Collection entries
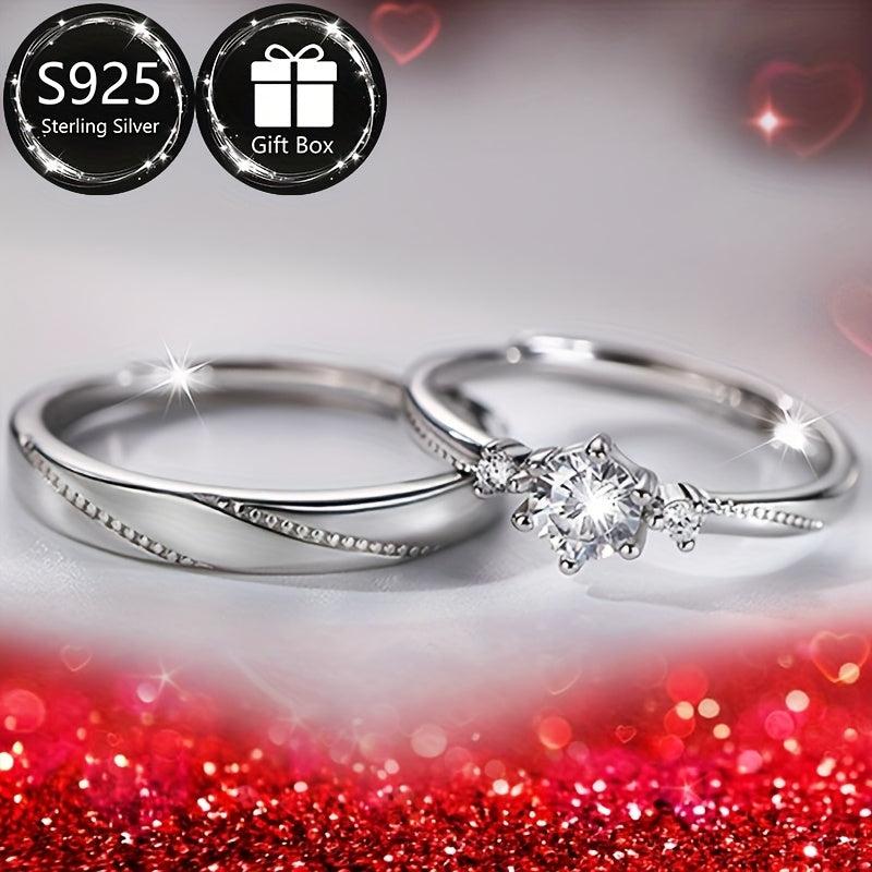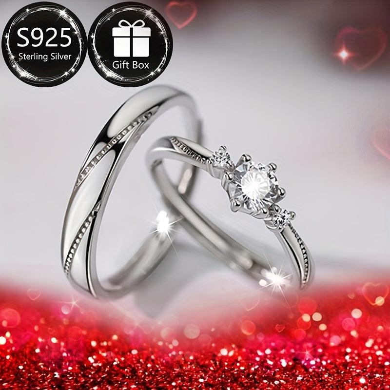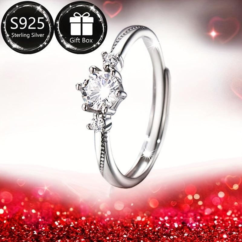 Delight your loved one with this classic romantic engagement ring featuring an adjustable open design crafted from 925 silver. Perfect for expressing your love on Valentine's Day.
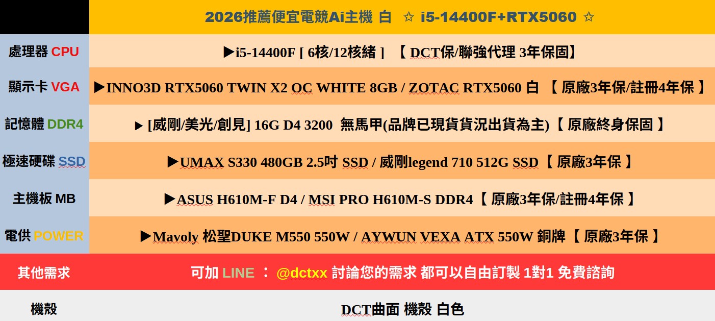 **備註: 因電腦零件汰換很快 會根據情況因缺貨或時關係有可能 更換/升級 同等價值不同廠牌零件
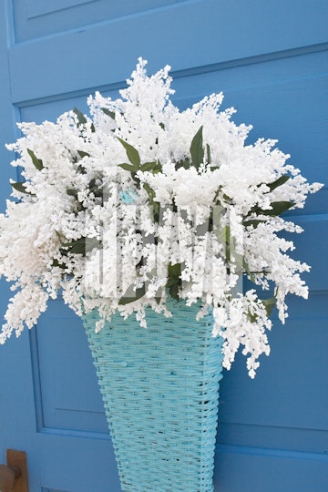A teal blue basket filled with white astilbe bridal veil flowers hangs on a blue door.
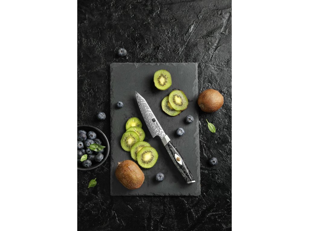 Ostrze tego noża do obierania wykonane jest ze 145 warstw stali. Jego rdzeń powstał z najwyższej jakości austriackiej stali proszkowej M390 (Powder Steel) marki BÖHLER, produkowanej z wykorzystaniem najnowocześniejszej technologii metalurgii proszków trzeciej generacji. Proces ten zapewnia rewolucyjną poprawę odporności na zużycie, a jednocześnie zwiększa wytrzymałość i twardość stali. Twardość ostrza osiąga 60–62 HRC.
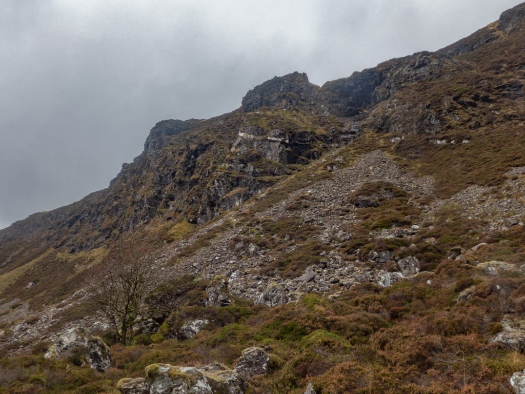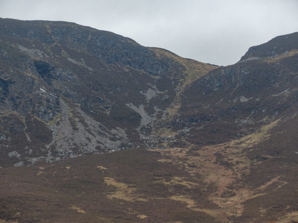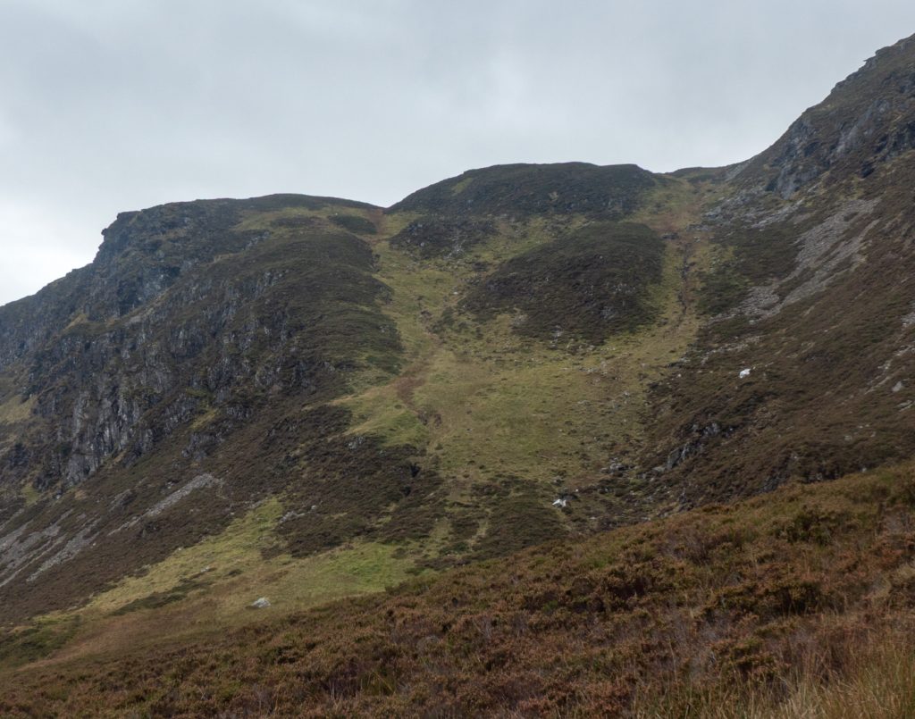 A scrape of a path heads up the left edge of the lighter stripe to a gap Bealach na Gaoith, above
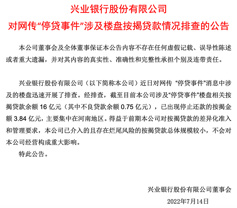 興業(yè)銀行發(fā)布公告稱,近日對網(wǎng)傳“停貸事件”消息中涉及的樓盤迅速開展了排查。經(jīng)排查,截至目前,該行涉及“停貸事件”樓盤相關(guān)按揭貸款余額16億元(其中不良貸款余額0.75億元),已出現(xiàn)停止還款的按揭金額3.84億元,主要集中在河南地區(qū)。
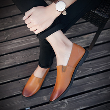 新款休闲皮鞋男英伦真皮尖头商务休闲鞋潮流鞋男青年一脚蹬男鞋子
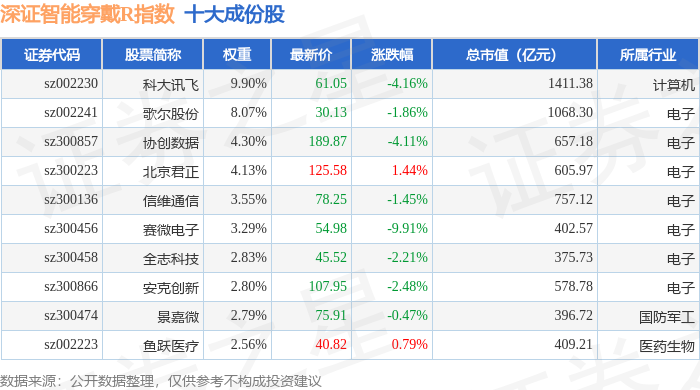 深证智能穿戴R(470074)指数十大成份股详情如下:
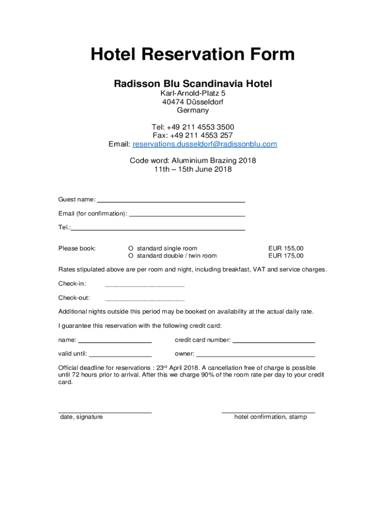 Hotel Reservation Form Radisson Blu Scandinavia Hotel KarlArnoldPlatz 5 40474 Düsseldorf Germany Tel: +49 211 4553 3500 Fax: +49 211 4553 257 Email: reservations. Düsseldorf radissonblu.com Code
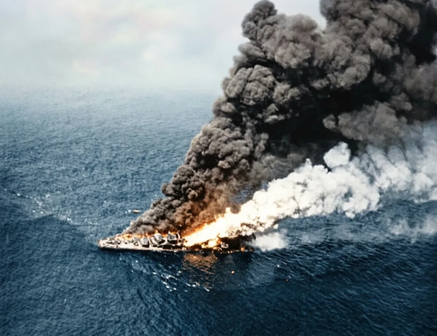 В 13:08, когда первая волна авианалётов подходила к концу, 150-килограммовая бомба, сброшенная с SB2C Helldiver с авианосца «Эссекс» (CV-9), попала в переднюю часть мостика, пробив большую дыру в полубаке, на верхней палубе и в правом борту. Башни № 1 и № 2 получили серьёзные повреждения, и все отсеки, кроме боезапаса в башне № 1, были затоплены.
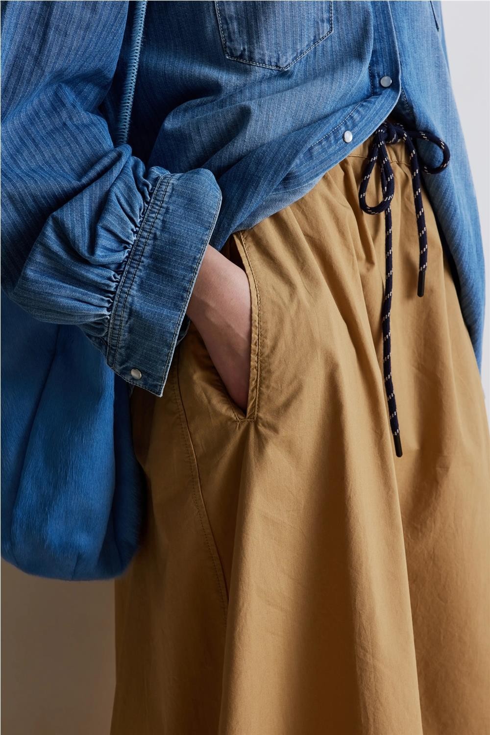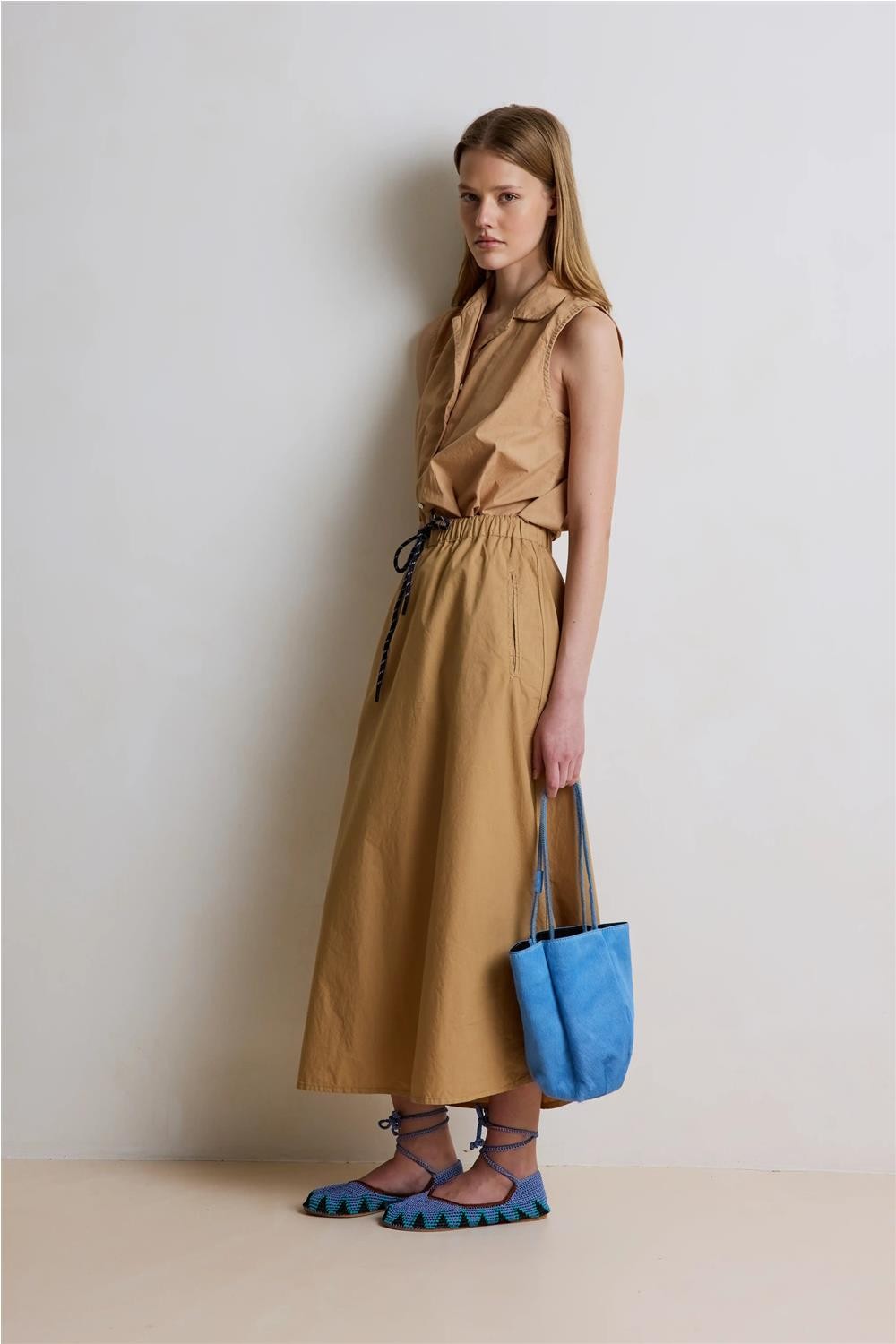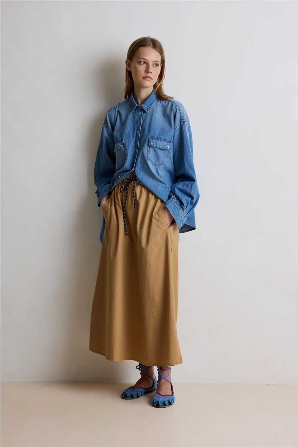 Esta falda larga, confeccionada en un tejido francés de algodón 100%, destaca por su diseño funcional y extremadamente cómodo. Presenta una cintura elástica con dos cordones de fantasía que permiten un ajuste perfecto a la silueta, además de prácticos bolsillos laterales. Gracias a la ligereza de su material y su caída fluida, esta pieza se convierte en una opción sofisticada y versátil para un look femenino y actual en cualquier ocasión. Composición: 100% Algodón.
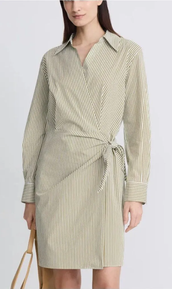 Vince Olive Striped Shirt Wrap Sheath Dress MEDIUM Work White Cotton Designer $400 Chic sheath dress... Show more
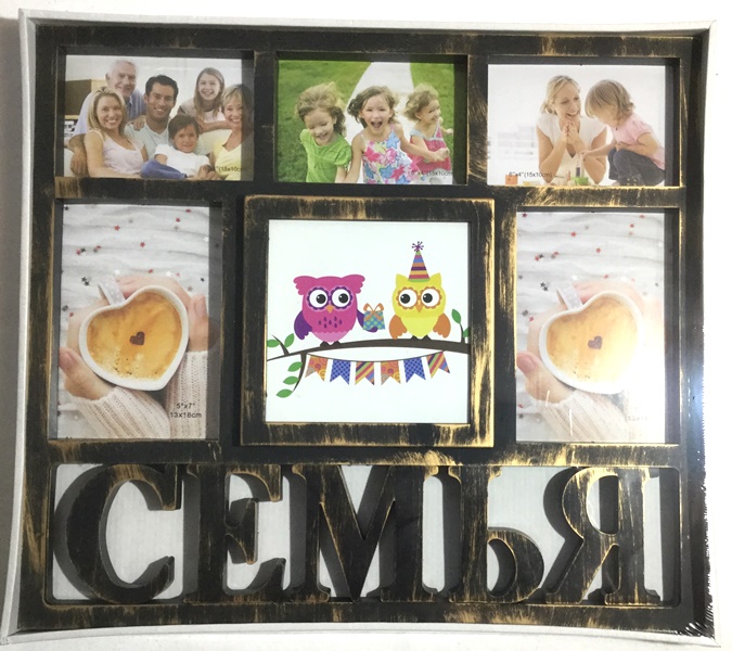 Прекрасная фоторамка коллаж бронзовая на 6 фото Семья в Украине стала самой востребованной среди наших покупателей. У нас вы можете приобрести широкий ассортимент больших фоторамок и коллажей от 2 фото до 24 фотографий. Качественные и красивые фоторамки оптом со клада в Одессе, все рамочки в наличии, отправим в день заказа.
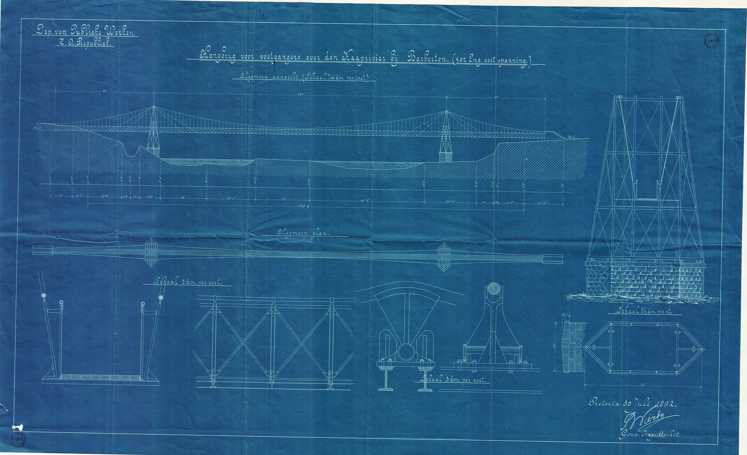 Digitised version of National Archive file S.2/77. Plan of a suspension bridge for pedestrians, Kaap River, Barberton, signed by "S.W. Wierda, Hoofd, Dept. van Publieke Werken"

◆ What is required: Take the records from their first line through the line containing "Ostrze tego noża" and please return exactly those lines, both ends included, minus the pictures.

◆ Expected answer:
 Delight your loved one with this classic romantic engagement ring featuring an adjustable open design crafted from 925 silver. Perfect for expressing your love on Valentine's Day.
 **備註: 因電腦零件汰換很快 會根據情況因缺貨或時關係有可能 更換/升級 同等價值不同廠牌零件
A teal blue basket filled with white astilbe bridal veil flowers hangs on a blue door.
 Ostrze tego noża do obierania wykonane jest ze 145 warstw stali. Jego rdzeń powstał z najwyższej jakości austriackiej stali proszkowej M390 (Powder Steel) marki BÖHLER, produkowanej z wykorzystaniem najnowocześniejszej technologii metalurgii proszków trzeciej generacji. Proces ten zapewnia rewolucyjną poprawę odporności na zużycie, a jednocześnie zwiększa wytrzymałość i twardość stali. Twardość ostrza osiąga 60–62 HRC.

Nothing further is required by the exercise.